Two fundus images per patient (one image per eye), centered between macula and optic disc, were taken with a non-mydriatic camera (Topcon TRC-NW400; Topcon SA, Barcelona, Spain). 80% of the cases were performed without pupillary dilatation, while the remaining 20% (all performed in the same primary care center) were dilated with a drop of tropicamide (Vidal-Alaball et al., 2019).
A triple labeling of the fundus images has been carried out; a reading using the UPRETINA algorithm, another reading performed by the primary-care specialists, and finally another reading, which was considered as “gold standard,” performed by retina specialist ophthalmologists (Vidal-Alaball et al., 2019).
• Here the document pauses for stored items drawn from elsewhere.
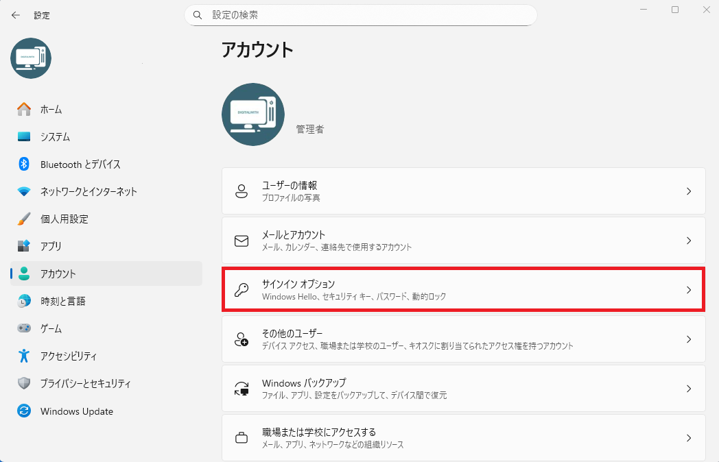 アカウント項目の中に「サインイン オプション」というメニューをクリックします。
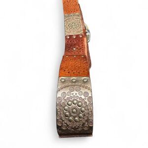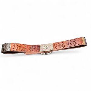 Genuine Fossil leather belt with solid brass buckle and intricate perforated and studded designs. Warm tan/caramel leather with boho, western, and hippie vibes—perfect for jeans, skirts, or layering over dresses. Great festival accessory with timeless Fossil quality.
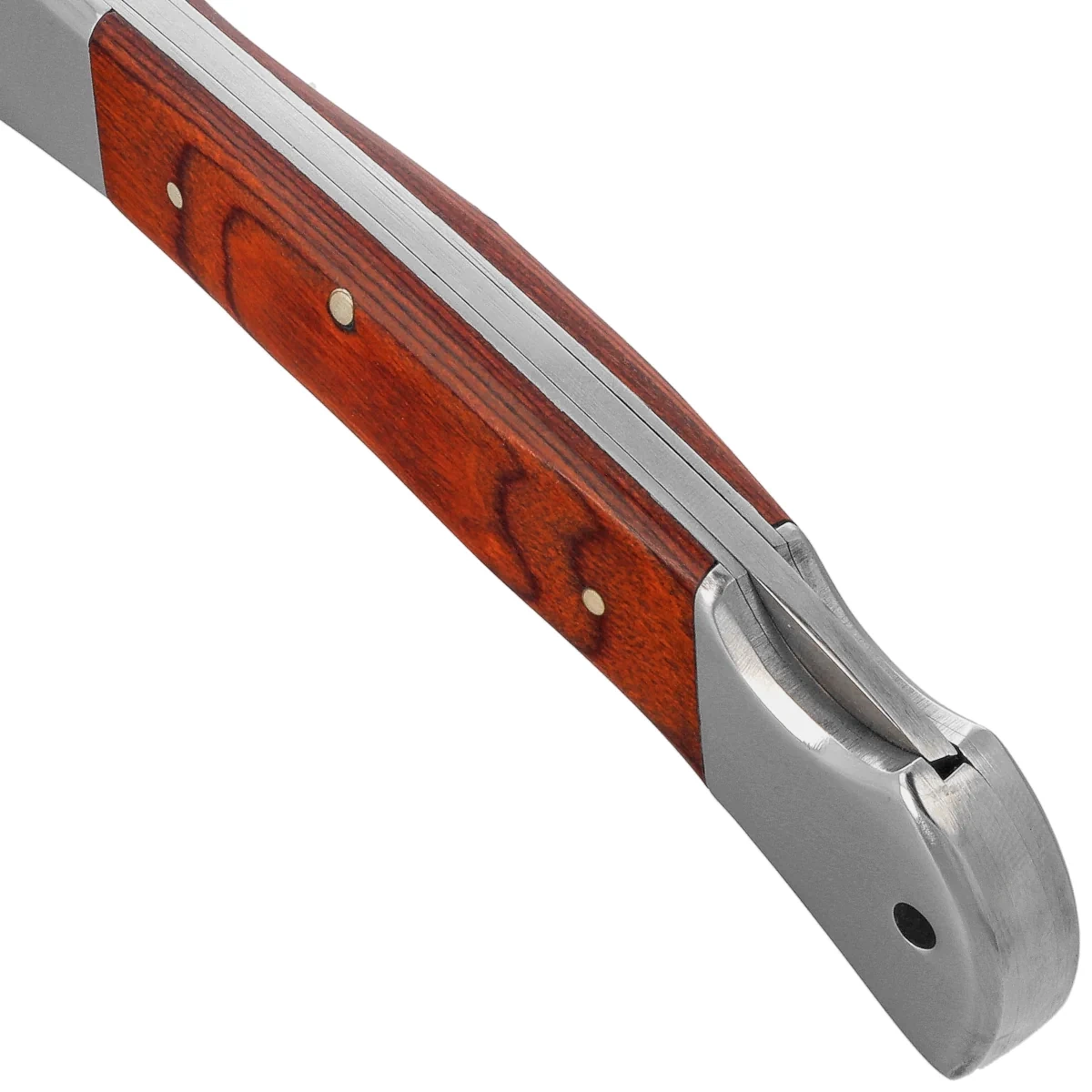 Handle - the body is based on steel liners, which provide structural rigidity, and the whole is finished with grips made of Pakka Wood - laminated wood soaked in resin. This material retains the appearance of natural wood, while offering increased resistance to moisture and temperature changes. The ergonomically contoured form fits well in the hand, and the back lock stabilizes the blade in the open position. This is a well-thought-out Handle for users who value classics, comfort and everyday functionality.
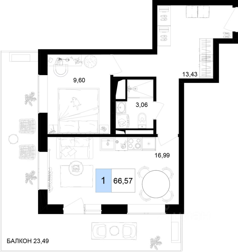 Общая площадь66,57 м2
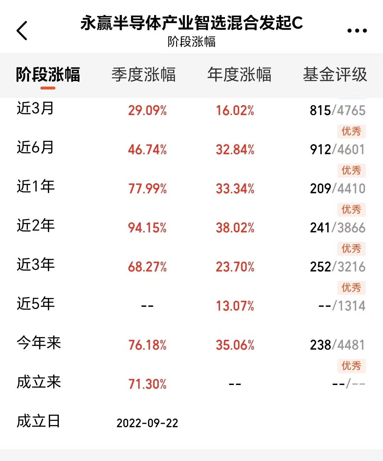 目前光刻机板块的龙头企业已经掀起了板块行情,后续上涨动力充足,值得期待。绩优产品$永赢半导体产业智选混合发起C$ (015968)紧跟行业趋势,深度布局光刻机赛道,以精选个股的投资策略,为投资者带来了稳健且可观的回报,近一年涨幅达77.99%!
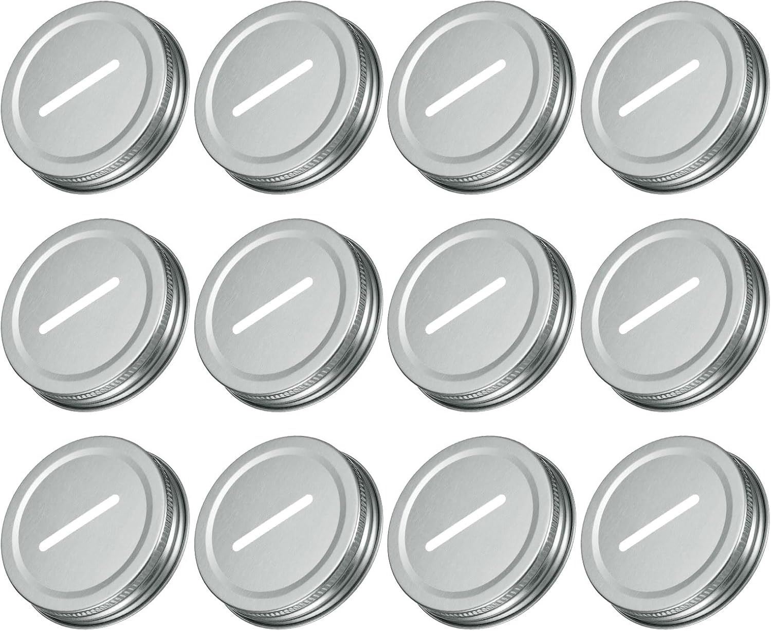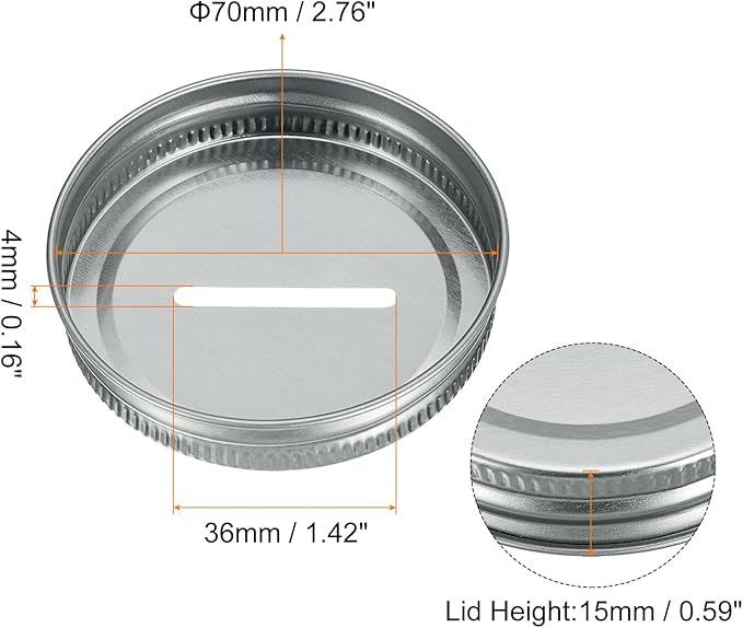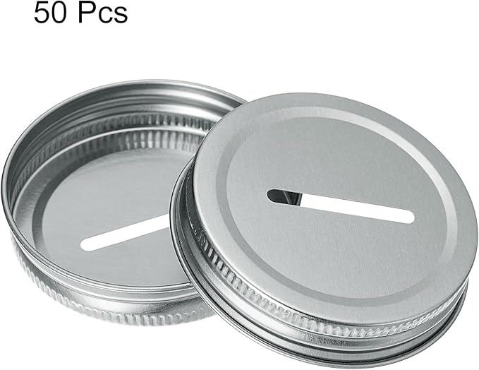- uxcell 50Pcs Coin Slot Bank Lid for Mason Jar, 70mm/2.76" Regular Mouth Tin Plate Caps Inserts for Canning Jars Cover, (Silver Tone)

Human grading and screening protocol
2.5
The initial screening for image quality was performed using artificial intelligence-based software developed and described in our previous work (Zapata et al., 2020; Vidal-Alaball et al., 2019). This software evaluates the quality of images based on predefined criteria that focus on the clarity and diagnostic utility of the image. The images were classified according to their quality into three categories. (A) Noise/Low quality images were those with significant artifacts or blurriness precluding any retinal assessment and thus were not evaluated; (B) Medium quality images permitted retinal structure identification despite minor imperfections and required careful consideration during grading. (C) High-quality images provided clear visibility of retinal details without significant noise or artifacts, allowing for confident assessment (Figure 1).
Different categories in which the images were defined: (A) Noise/low-quality; (B) Medium quality; (C) High quality.
At the reading center, retinal images were graded by two independent retinal specialists, with more than 10 years of experience and who have passed a certification for the evaluation of retinal images. If there was no agreement between them, the image was evaluated by a third retina specialist (who also has experience ≥10 years and has passed a certification for the evaluation of retinal images) to make the final determination.
The evaluators only made one determination of each image. The current study did not assess Retina specialists intra observer reliability. Nevertheless, their degree of intra-observer reliability was greater than 79% (Font et al., 2022).
Additionally, general practitioners performed a single evaluation of the images, without the possibility of evaluating patients again. The general practitioners participating in the study USUALLY perform fundus image readings of their patients, following the diabetic screening protocols of the Institut Catala de la Salut. Although primary care physicians in this program are primarily trained for diabetic retinopathy detection, they are also instructed to identify other relevant retinal and optic nerve abnormalities, and the screening software includes specific fields to report suspected AMD, nevus, and glaucomatous optic nerve findings. All comparisons were performed against a full ophthalmological examination, which served as the gold standard.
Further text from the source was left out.